9.4 Reduced Volume of Coal. If Buyer, in its commercially reasonable judgment, can mitigate the effects of the Rule Changes by utilizing reduced volumes of Coal, the Parties shall negotiate in good faith to amend affected Confirmations as necessary or appropriate, to account for the Rule Changes. If such good faith negotiations do not result in an amendment being executed within sixty (60) days, Buyer may terminate the affected Confirmations without penalty or further obligation upon not less than thirty (30) days’ written notice.

9.5 Modified Specifications of Coal.
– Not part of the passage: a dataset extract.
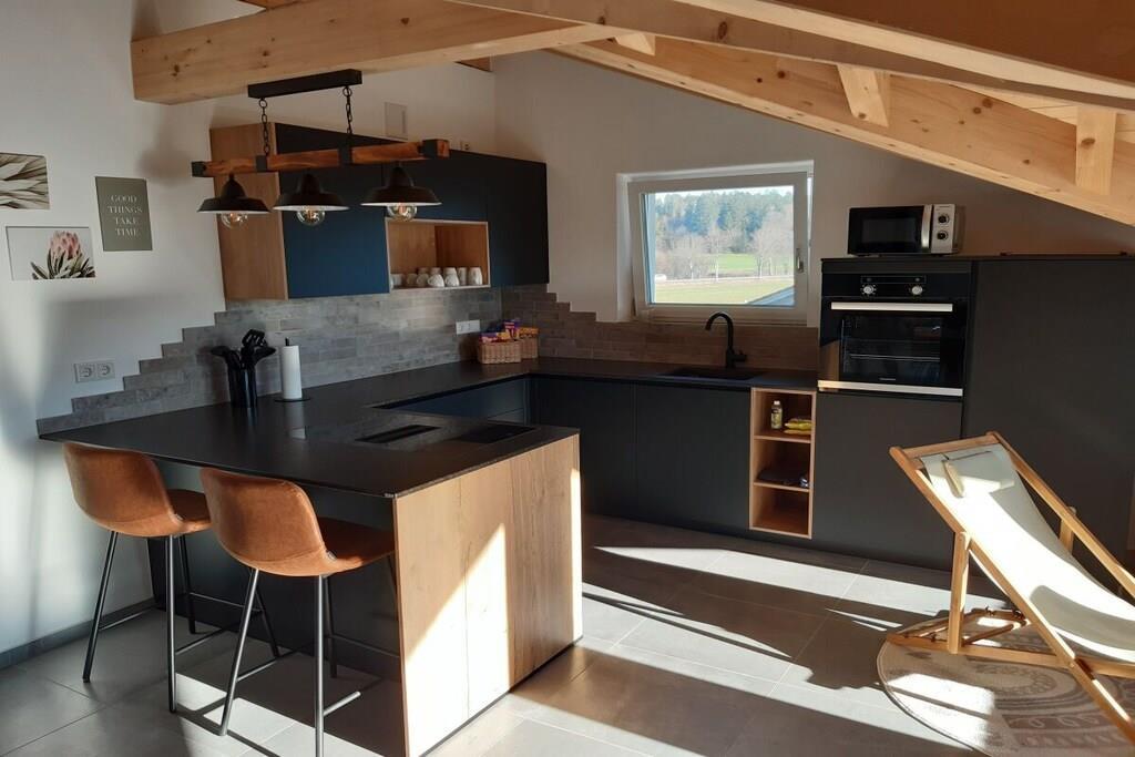 Carport + Stellplatz, große Garderobe, Bad mit Wanne und Dusche (Dachfenster), vollausgestattete top moderne Küche (Ofen, Herd, Mikrowelle, Kaffeemaschine etc.), beide Schlafzimmer je mit Kleiderschrank und TV, großer Esstisch (6 Personen), bequeme Couch (Ausziehfunktion) und Leselampe; TV, Internetradio, DVDs und Bücher im Wohnzimmer, Loggia mit Rattanmöbel und Panoramablick, Waschmaschine + Trockner, gute Internetverbindung (inkl.), Bettwäsche, Handtücher, Reinigungsmittel inkl., alle Räume mit Fußbodenheizung, die vollumfängliche Dämmung mit dezentraler Lüftung sorgt bei allen Temperaturen für angenehmes Raumklima; auf Anfrage ist auch Kinderausstattung verfügbar, bei Sonderwünschen stellen wir gerne auch andere Dinge zur Verfügung

If Buyer, in its commercially reasonable judgment, determines that it can mitigate the effects of the Rule Changes by utilizing Coal with different specifications or qualities, the Parties shall negotiate in good faith to amend the affected Confirmations as necessary or appropriate, to account for the Rule Changes. If such good faith negotiations do not result in an amendment being executed within sixty (60) days, Buyer may terminate the affected Confirmations without penalty or further obligation upon not less than thirty (30) days written notice.

Article 10: Events of Default, Non-Performance, Remedies and Limitation of Liability

10.1 Events of Default. An event of default (“Event of Default”) with respect to a Party (the “Defaulting Party”) shall mean any of the following:

10.1.1 Failure to Pay. The failure of Defaulting Party to pay when due any required payment where such failure is not remedied within five (5) Business Days after written notice thereof (provided the payment is not subject to a good faith dispute as described in Section 7.1.2).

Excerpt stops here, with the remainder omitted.